Fran O'Brien
- O'Brien in 1959

No. 70, 61, 72
- Position: Offensive tackle

Personal information
- Born: April 17, 1936 Springfield, Massachusetts, U.S.
- Died: October 21, 1999 (aged 63) Washington, D.C., U.S.
- Listed height: 6 ft 1 in (1.85 m)
- Listed weight: 253 lb (115 kg)

Career information
- High school: Holyoke (MA)
- College: Michigan State
- NFL draft: 1959 (3rd round, 35th overall pick)

Career history
- Cleveland Browns (1959); Washington Redskins (1960–1966); Pittsburgh Steelers (1966–1968);

Career NFL statistics
- Games played: 142
- Games started: 95
- Fumble recoveries: 4
- Stats at Pro Football Reference

= Fran O'Brien (American football) =

American football player (1936–1999)

Francis Joseph O'Brien (April 17, 1936 – October 21, 1999) was an American professional football offensive lineman in the National Football League (NFL) who played for the Cleveland Browns (1959), the Washington Redskins (1960 to 1966), and the Pittsburgh Steelers (1966 to 1968). He played college football at Michigan State University.

==Early life==
O'Brien was born in Springfield, Massachusetts and raised in Holyoke, Massachusetts, where attended Holyoke High School.

==College career==
O'Brien attended and played college football at Michigan State University.

==Professional career==

O'Brien was selected in the third round of the 1959 NFL draft by the Cleveland Browns, who made him the 35th pick overall.

After playing for the Browns for the 1959 season in a reserve role, he was traded along with kicker Bob Khayat to the Washington Redskins for kicker Sam Baker, a former NFL scoring leader.

O'Brien played for Washington from 1960 to 1966. During the 1960 and 1961 seasons he started at left guard for the Redskins, before being moved to the starting right tackle spot in 1963.

Shortly after the start of the 1966 season, O'Brien's contract was sold by the Redskins to the Pittsburgh Steelers. He would play in Pittsburgh as a reserve tackle in 1966 before earning a starting role in 1967. This 1967 season would be cut short after only four games, however, when he suffered a fractured ankle in a Saturday afternoon contest against the team that drafted him, the Cleveland Browns.

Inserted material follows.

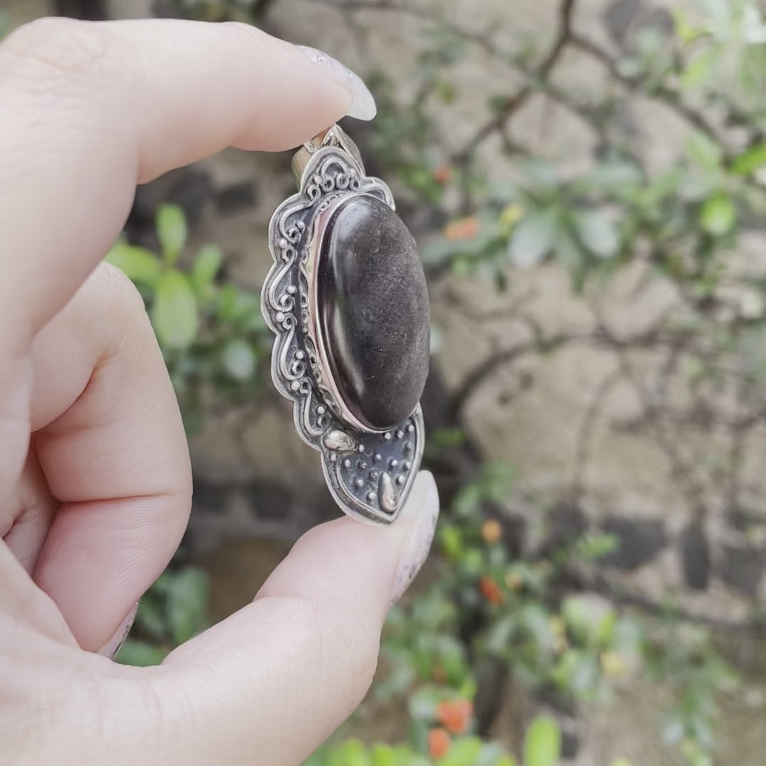 Dije de plata 925 con obsidiana plateada

The 1968 season would be O'Brien's final year in the league, during which he would assume his customary role as the team's starting right tackle. Although he missed time in two games due to an early season viral infection, O'Brien managed to start 12 and see action in all 14 games for Pittsburgh during his final year.

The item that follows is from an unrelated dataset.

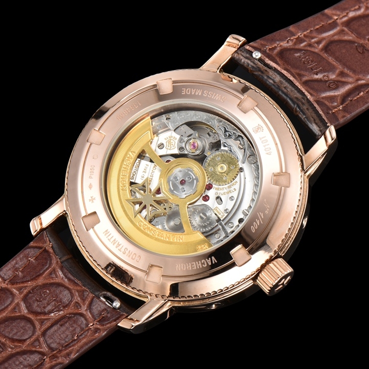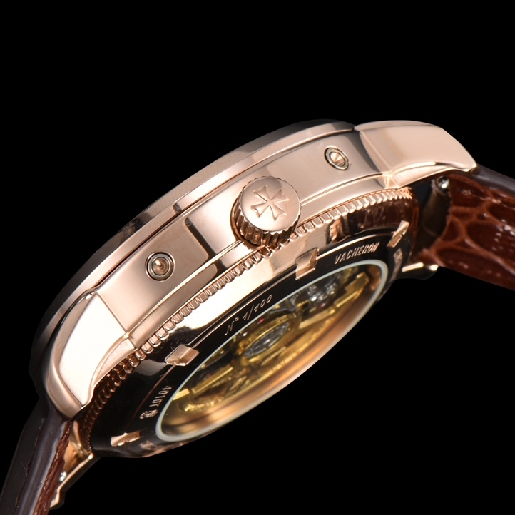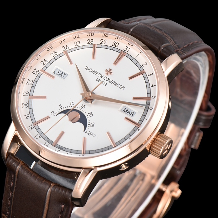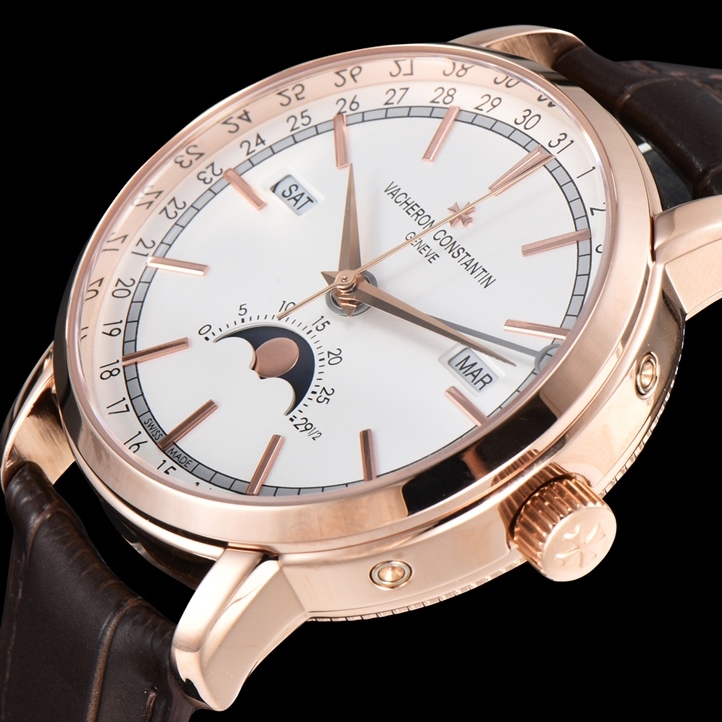[Dial]: The track-type minute scale and the toffee-style hour and minute hands retain the iconic calendar display created by Vacheron Constantin. The day and month windows are symmetrically distributed on both sides of the dial, and the digital bezel on the outer edge of the dial is a calendar display. It is gently lifted by an elegant black crescent hand for easy reading. The ingenious design breaks the dullness of the dial. This layout clearly shows the precise moon phase display at 6 o'clock. While showing the smart charm, it also shows the unique beauty of complex machinery.

Already moving his attention to the restaurant business during his playing days, O'Brien decided to call it a career at age 32 and retired prior to Steelers training camp for the 1969 season.

==Life after football==

After retiring from football, O'Brien owned and operated restaurants in Washington, D. C., Annapolis, Maryland, and Rehoboth Beach, Delaware. His first restaurant, opened on Wisconsin Avenue in Washington, was called "The Goal Post" and gained popularity with politicians and lobbyists. His later venture in Annapolis, "Fran O'Brien's Steak and Seafood House," gained a similar popularity.

O'Brien married his wife, the former Elizabeth Kemp, in 1965. The couple had two children.

==Death and legacy==

Fran O'Brien was a resident of Vienna, Virginia during his final years. He died on October 21, 1999, of a heart attack at George Washington University Hospital in Washington, D. C. He was 63 years old at the time of his death.